There is fresh bread, homemade granola, honey from local bees (how sweet is that? Hungry Hill Farm http://www.facebook.com/pages/Hungry-Hill-Farm/181340211918368?skwall. And look for their observation beehive where you can see those bees in action — it’s the bee’s knees). Goat cheeses, sheep cheeses, crepes, tarts, muffins, quiches, whoopee pies (not cushions) and a host of foods from various ethnic groupings, depending on the weekend. Michael Clark’s Planet Earth Diversified (http://www.planetearthdiversified.com/ ) offers up the world’s best (and I’m not lying) out-of-season tomatoes. And he grows all sorts of fabulous edibles you never thought you’d buy local — fresh ginger, bamboo shoots, bay leaves. I love his selection of baby greens of all kinds and edible flowers to spruce up my summer salads.

Lest we forget, those fresh farm eggs are always calling out to me (can you ever go back to commercially-produced eggs with their limpid, sallow yolks when you can eat eggs with yolks the hue of a summer sunrise instead?). And then there’s the freshest of beef and buffalo and chicken and hams (and even turkeys, come November) from animals humanely raised by local farmers. There are soup samples from chef Mark Gresgne of L’Etoile (http://www.letoilerestaurant.com/), and creative curry samples from Disha’s Kitchen (http://www.facebook.com/pages/Dishas-Kitchen/127791847260894). And don’t forget to top it off with coffee from Shenandoah Joe (http://www.shenandoahjoe.com/) or other coffee vendors, or a panoply of homemade lemonades and iced teas (just spotted them last week for the first time).

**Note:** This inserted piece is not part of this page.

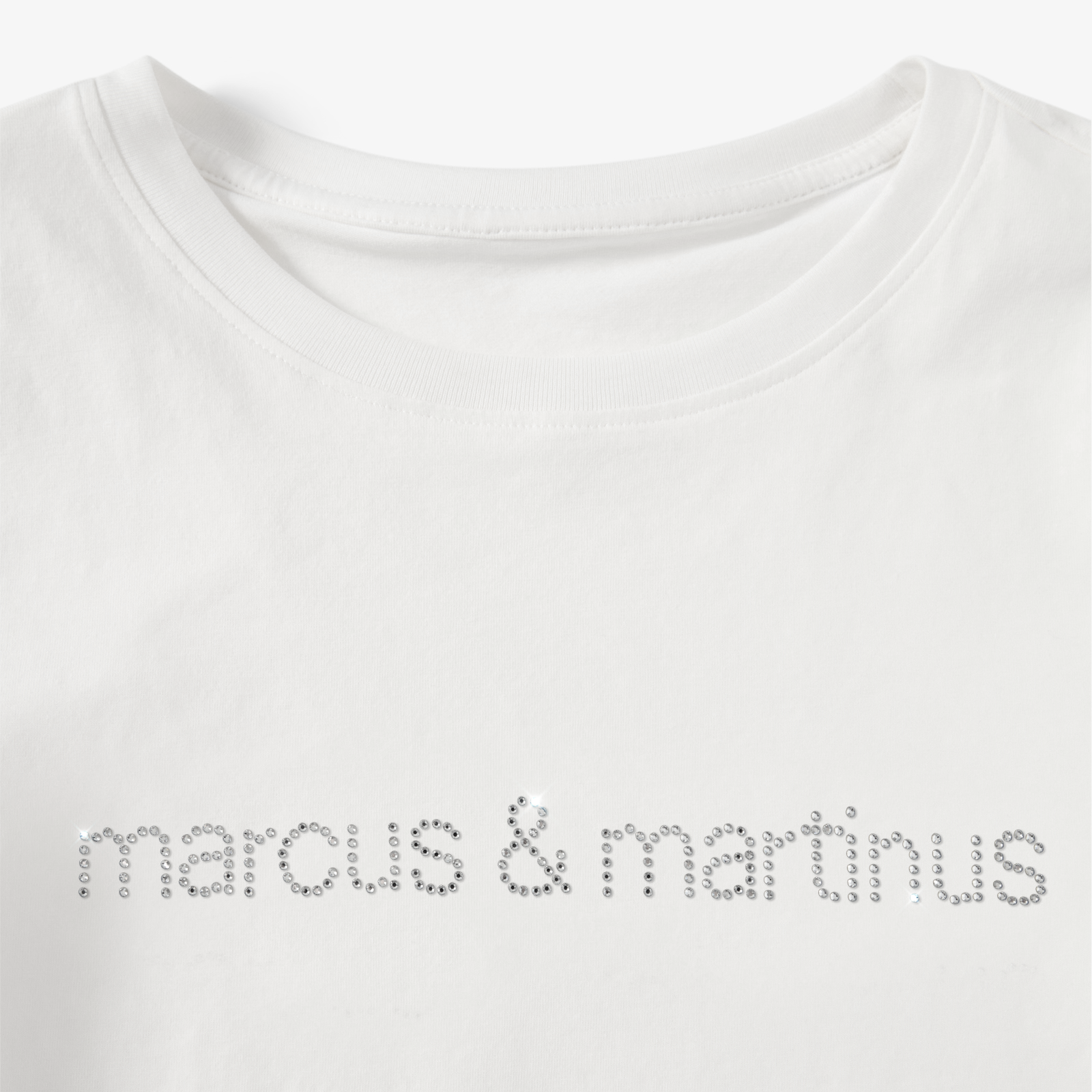 An exclusive limited-edition cropped tee featuring a sparkling rhinestone Marcus & Martinus logo across the chest. Made from a soft blend of 90% organic cotton and 10% recycled elastane, it has a tight, body-hugging fit that gives a sleek and modern silhouette.Available only in very limited quantities, making it a rare and highly collectible piece for dedicated fans.Fabric & Details:– 90% Organic Cotton / 10% Recycled Elastane– Tight, body-hugging fit– Rhinestone front logo– Soft stretch fabric– Limited drop — produced in a small exclusive runA standout premium piece designed to shine on stage nights or elevate any everyday look.
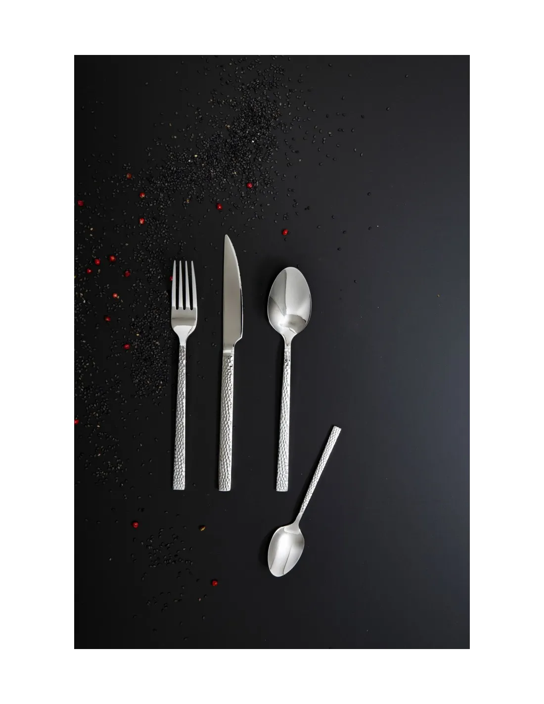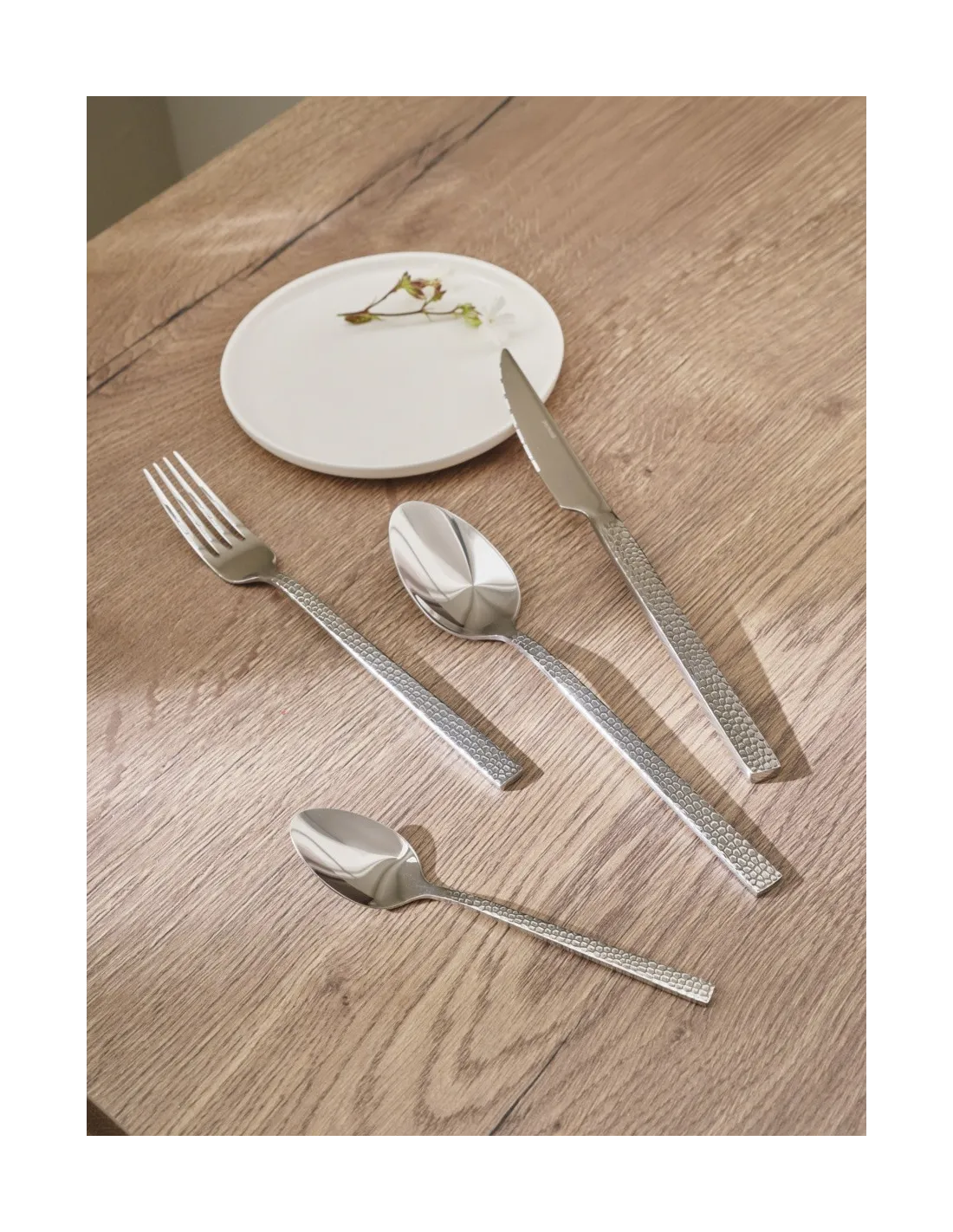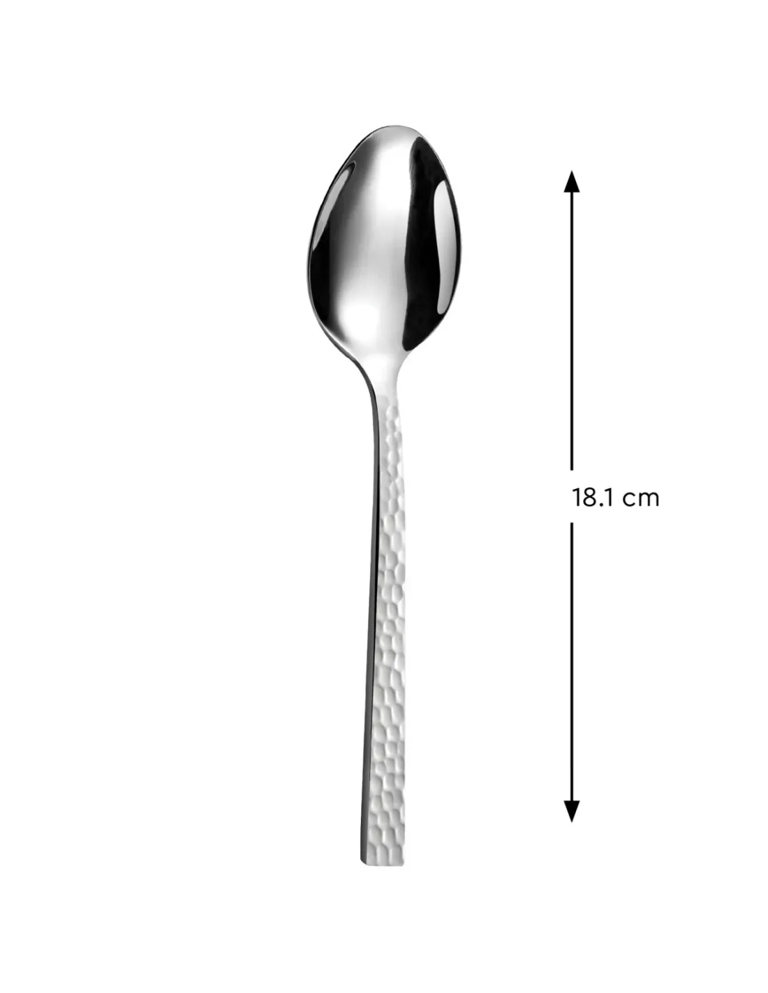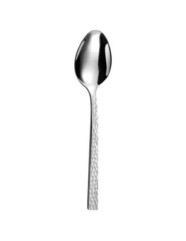 18/0 stainless steel dessert spoon, 18.1 cm long, model Alma. Made of 18/0 stainless steel, it features a hammered finish that provides sturdiness and corrosion resistance. Its ergonomic and...

Once you’re stuffed to the gills, it’s on to the jewelry, clothing, pottery (which has the potential to bankrupt me, it’s so gorgeous and so sadly not in my budget), plants (I don’t dare grow my own; guaranteed they’re dead by July if left to my brown thumb), furniture, hand-carved knives, even hand-wrought iron. And herbs, teas, salsas, syrups. Even llamanure. Seriously. The sky’s the limit.

I used to lament that the spoils of my early Saturday marketing were gone by early in the week. But City Market has solved this quandary by adding market days midway — at Pen Park from 3-7 p.m. Tuesdays and Meade Park from 3-7 p.m. Thursdays. So if you are unlucky enough to have to missed the treasures of Saturday morning at the market, you can get your fix, albeit on a smaller scale, during the week as well.

Upon reading this I realize there is probably more diversity of product in one city block at the City Market than there is in an entire shopping mall. And a lot more bang for your buck. You can’t imagine what you’re missing out on if you’ve never made it there. Hope I’ll see you on Saturday.